RECORDED DATA =>
------------
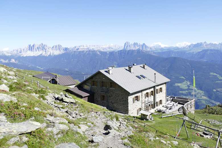 Die nächstgelegene Hütte ist die Brugger Schupfe in 2.000 m, die in 40 min Gehzeit zu erreichen ist. Weiters: Klausner Hütte (1.923 m, 2 h); Schutzhaus Latzfonser Haus (2.311 m, 3:30 h); Flaggerschartenhütte (2.481 m, 6 h).
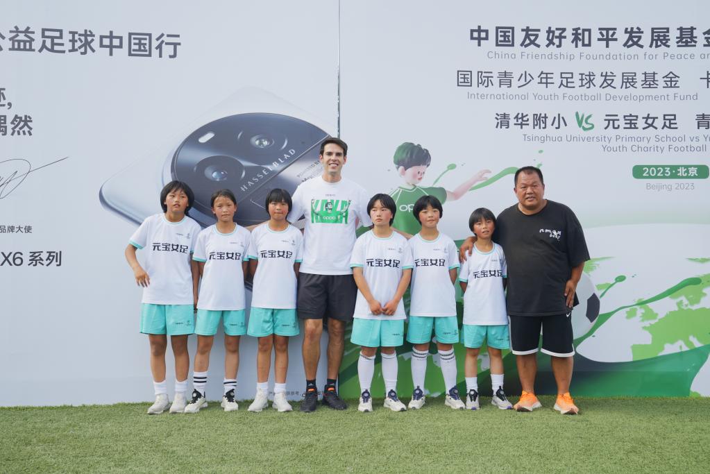 ↑“元宝女足”与卡卡合影。(受访者供图)
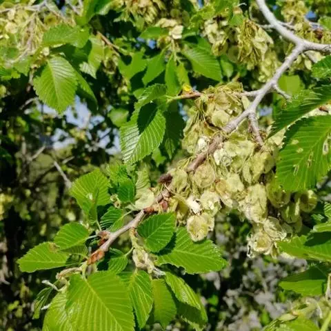 树皮暗灰色,粗糙,不规则纵裂。幼树枝条直立,且被白色毛;老树枝条先端下垂,有时木栓质发达成为瘤状。落叶乔木,高达30m。叶片倒卵状椭圆形或广倒卵形,先端急尖,基部楔形、偏斜,长8cm~12cm,宽3cm~7cm,叶缘具重锯齿和缘毛,上表面深绿色,背面淡绿色;叶脉羽状,侧脉15对~20对;叶柄密生或疏生白色短绒毛。花早春先叶开放,老枝上为束状聚伞花序,深紫色;花两性;花萼钟形,4浅裂;雄蕊4枚,雌蕊由2心皮组成。翅果扁平,倒卵形,无毛或仅在顶端凹陷处被毛;种子位于翅果的上部,上端接近凹陷处,周围均具膜质的翅。花期4~5月;果熟期5~6月。
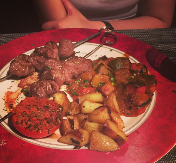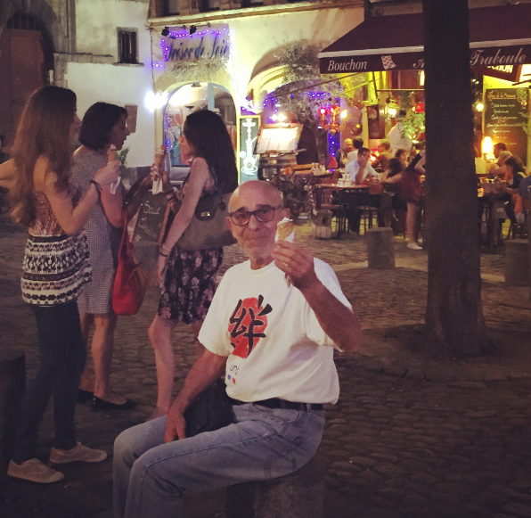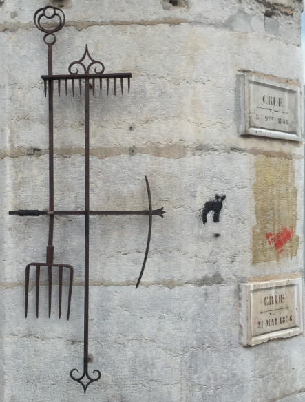 既然是美食之都,我们就抛开了Lonely Planet的推荐随心而走,凭眼缘选择餐厅,最终走进古老的拉伯雷餐厅(L’Auberge Rabelais)。说起来,这家也是我们在法国行中唯一一家在室内用餐的餐厅,我们看中它室内选择白色桌布与红色座椅的低调与精致,以及墙上的一幅小肖像,感觉是一家有底蕴的餐厅。确实,这家餐厅就是里昂最特色的那种规模不大、气氛友好“家常酒馆”(bouchon),消费有点小贵但合情合理,而美食与酒都是最地道的本地菜,服务员走的也是老派的程序,以至于我们说舍弃餐后甜点时,服务员反复和我们确定是真的吗?(烙蜗牛+鳕鱼+羊腿+烤肉+红酒之后,这每一口都是“硬货”的饕餮之后还能吃得下甜品吗?这欧洲人的胃啊……) 顺便一提,拉伯雷就是写下《巨人传》的那位拉伯雷,而书里那位父亲最爱吃的一道菜叫Andouilles,便是今天这些家常酒馆的看家菜。
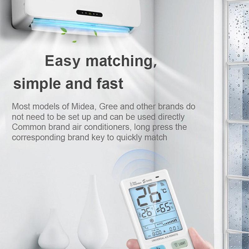 - Compatibilidade universal: Emparelha-se perfeitamente com a maioria das principais marcas de ar condicionado, tornando-o um substituto ideal ou um controle remoto sobressalente.
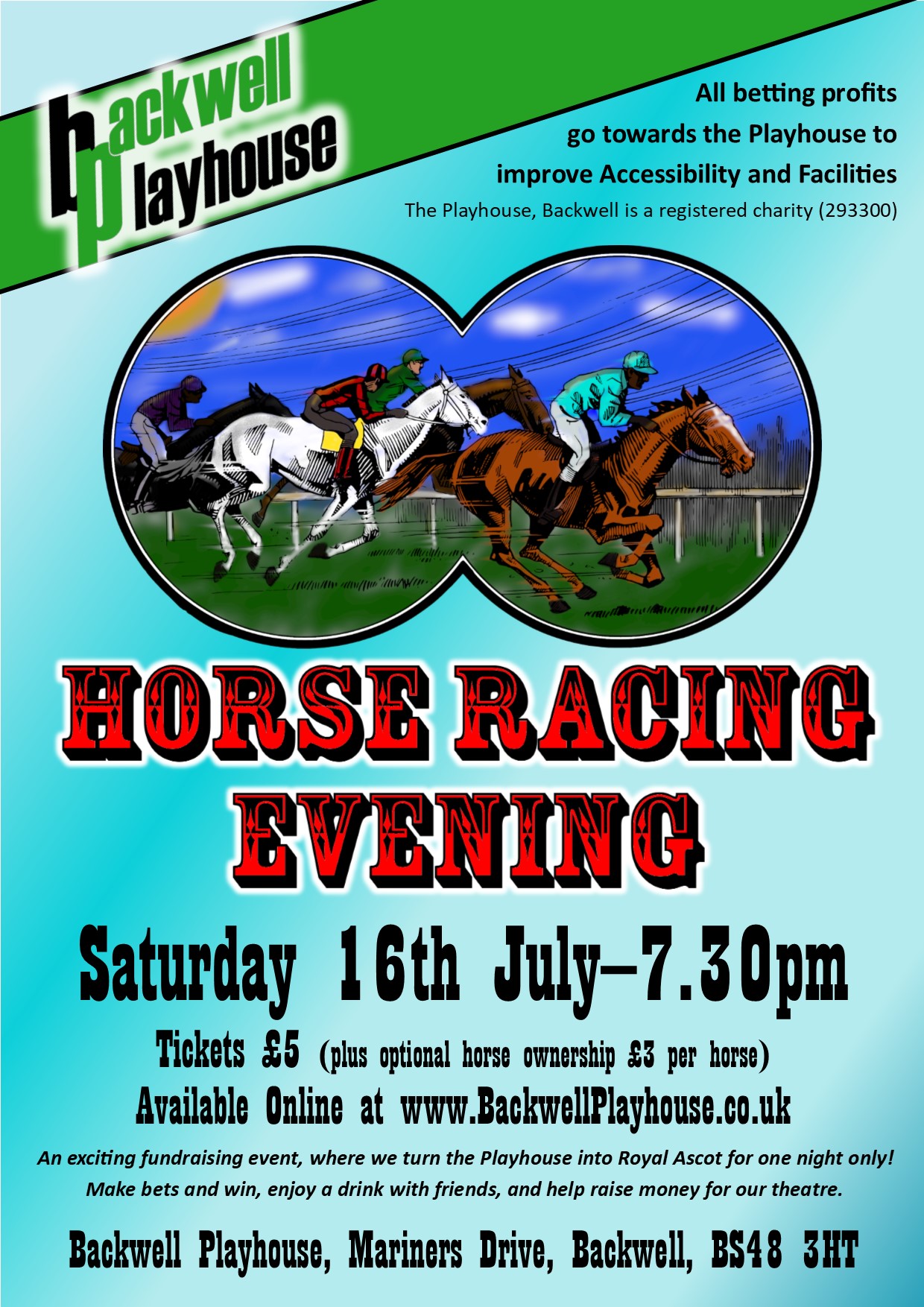 | The Playhouse presents | Horse Racing Evening CANCELLED | Saturday 16 Jul 2022 | Performance Time: Doors open: 19:00, first race 19:45 | Box Office: Tickets available from our shop: Backwell Playhouse Ticket Shop or by calling Jon on 07974223081 to pay by card | Tickets: £5 (Optional £3 horse ownership also available) | CANCELLED We have made the decision to cancel our Horse Racing Evening. We hope to reschedule it for later in the year.
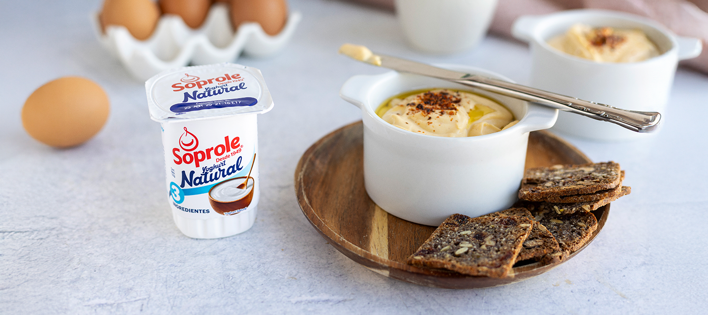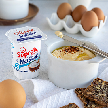 1 Yoghurt Natural 3 Ingredientes Soprole250 ml de aceite de oliva1 huevo duro 1 cucharadita de sal1 pizca de pimienta
------------
EXERCISE =>
Restate every line of the data above word for word, with the images removed.

SOLUTION FOR THIS PROBLEM =>
 Die nächstgelegene Hütte ist die Brugger Schupfe in 2.000 m, die in 40 min Gehzeit zu erreichen ist. Weiters: Klausner Hütte (1.923 m, 2 h); Schutzhaus Latzfonser Haus (2.311 m, 3:30 h); Flaggerschartenhütte (2.481 m, 6 h).
 ↑“元宝女足”与卡卡合影。(受访者供图)
 树皮暗灰色,粗糙,不规则纵裂。幼树枝条直立,且被白色毛;老树枝条先端下垂,有时木栓质发达成为瘤状。落叶乔木,高达30m。叶片倒卵状椭圆形或广倒卵形,先端急尖,基部楔形、偏斜,长8cm~12cm,宽3cm~7cm,叶缘具重锯齿和缘毛,上表面深绿色,背面淡绿色;叶脉羽状,侧脉15对~20对;叶柄密生或疏生白色短绒毛。花早春先叶开放,老枝上为束状聚伞花序,深紫色;花两性;花萼钟形,4浅裂;雄蕊4枚,雌蕊由2心皮组成。翅果扁平,倒卵形,无毛或仅在顶端凹陷处被毛;种子位于翅果的上部,上端接近凹陷处,周围均具膜质的翅。花期4~5月;果熟期5~6月。
 既然是美食之都,我们就抛开了Lonely Planet的推荐随心而走,凭眼缘选择餐厅,最终走进古老的拉伯雷餐厅(L’Auberge Rabelais)。说起来,这家也是我们在法国行中唯一一家在室内用餐的餐厅,我们看中它室内选择白色桌布与红色座椅的低调与精致,以及墙上的一幅小肖像,感觉是一家有底蕴的餐厅。确实,这家餐厅就是里昂最特色的那种规模不大、气氛友好“家常酒馆”(bouchon),消费有点小贵但合情合理,而美食与酒都是最地道的本地菜,服务员走的也是老派的程序,以至于我们说舍弃餐后甜点时,服务员反复和我们确定是真的吗?(烙蜗牛+鳕鱼+羊腿+烤肉+红酒之后,这每一口都是“硬货”的饕餮之后还能吃得下甜品吗?这欧洲人的胃啊……) 顺便一提,拉伯雷就是写下《巨人传》的那位拉伯雷,而书里那位父亲最爱吃的一道菜叫Andouilles,便是今天这些家常酒馆的看家菜。
 - Compatibilidade universal: Emparelha-se perfeitamente com a maioria das principais marcas de ar condicionado, tornando-o um substituto ideal ou um controle remoto sobressalente.
 | The Playhouse presents | Horse Racing Evening CANCELLED | Saturday 16 Jul 2022 | Performance Time: Doors open: 19:00, first race 19:45 | Box Office: Tickets available from our shop: Backwell Playhouse Ticket Shop or by calling Jon on 07974223081 to pay by card | Tickets: £5 (Optional £3 horse ownership also available) | CANCELLED We have made the decision to cancel our Horse Racing Evening. We hope to reschedule it for later in the year.
 1 Yoghurt Natural 3 Ingredientes Soprole250 ml de aceite de oliva1 huevo duro 1 cucharadita de sal1 pizca de pimienta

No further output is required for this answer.